VM set advanced config
In a very similar way to “Host set advanced config” workflow, here you can set an advanced setting for a Virtual Machine. The input parameters are vm, key and value.
This workflow has array of VC hosts as input and output parameters. The idea here is that you will be presented with the hosts from the input parameter and then choose which hosts want to apply the changes to. The output parameter will include only the selected hosts.
Going forward, we will continue adding similar workflows to help you speed up your remediation or day-two operations process.
Below is a simple example of how we can put our building blocks together and address VMware KB1012225 by adding devices.hotplug advanced setting with the value false on the VMs:
Thanks to the Actions and Workflows packaged with our vRO plugin, this was achieved by typing only one line of code in the “Get affected objects” stage:
rcAffectedObjects = rc.getAffectedByKB("1012225");
This workflow can easily be extended with functionality like shutting down running VMs, powering on after the fix is applied etc.
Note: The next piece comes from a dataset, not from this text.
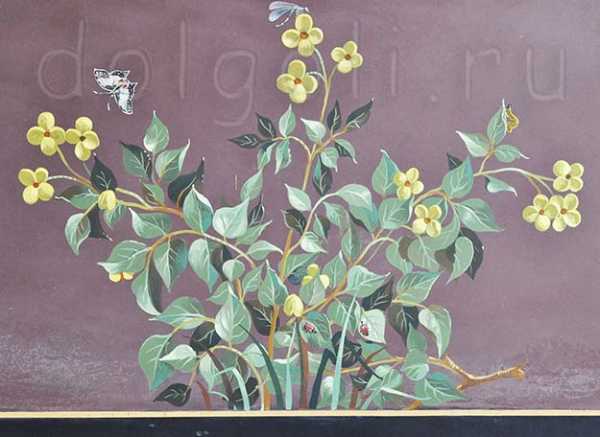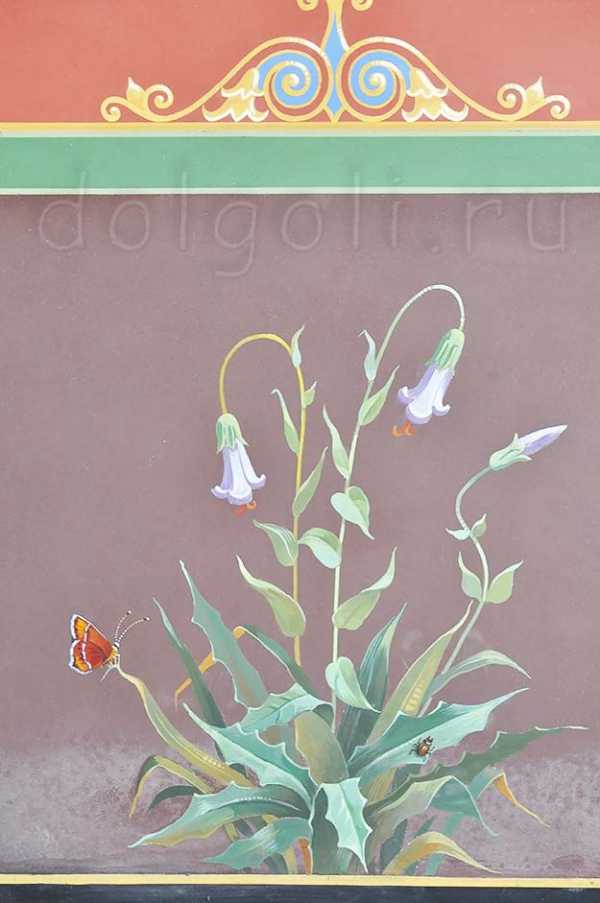 До нас дошли некоторые фрески, например, итальянские, что в городе Помпеи. Но об этом чуть позднее. Остановлюсь на некоторых примерах подражания этой технике — росписи стен, цветы и сидящие на них бабочки выглядят как живые.

As I mentioned before, there are plenty of built in workflows available for you to use.
You can already download the new version of Runecast plugin for vRO and start automating. If you need a hand, take a look at the recording of our recent webinar, where I create a remediation workflow from scratch.
These new capabilities of the Runecast Plugin for vRO make it much easier for vSphere administrators to automate remediation tasks, and remove the need for developing lots of custom code.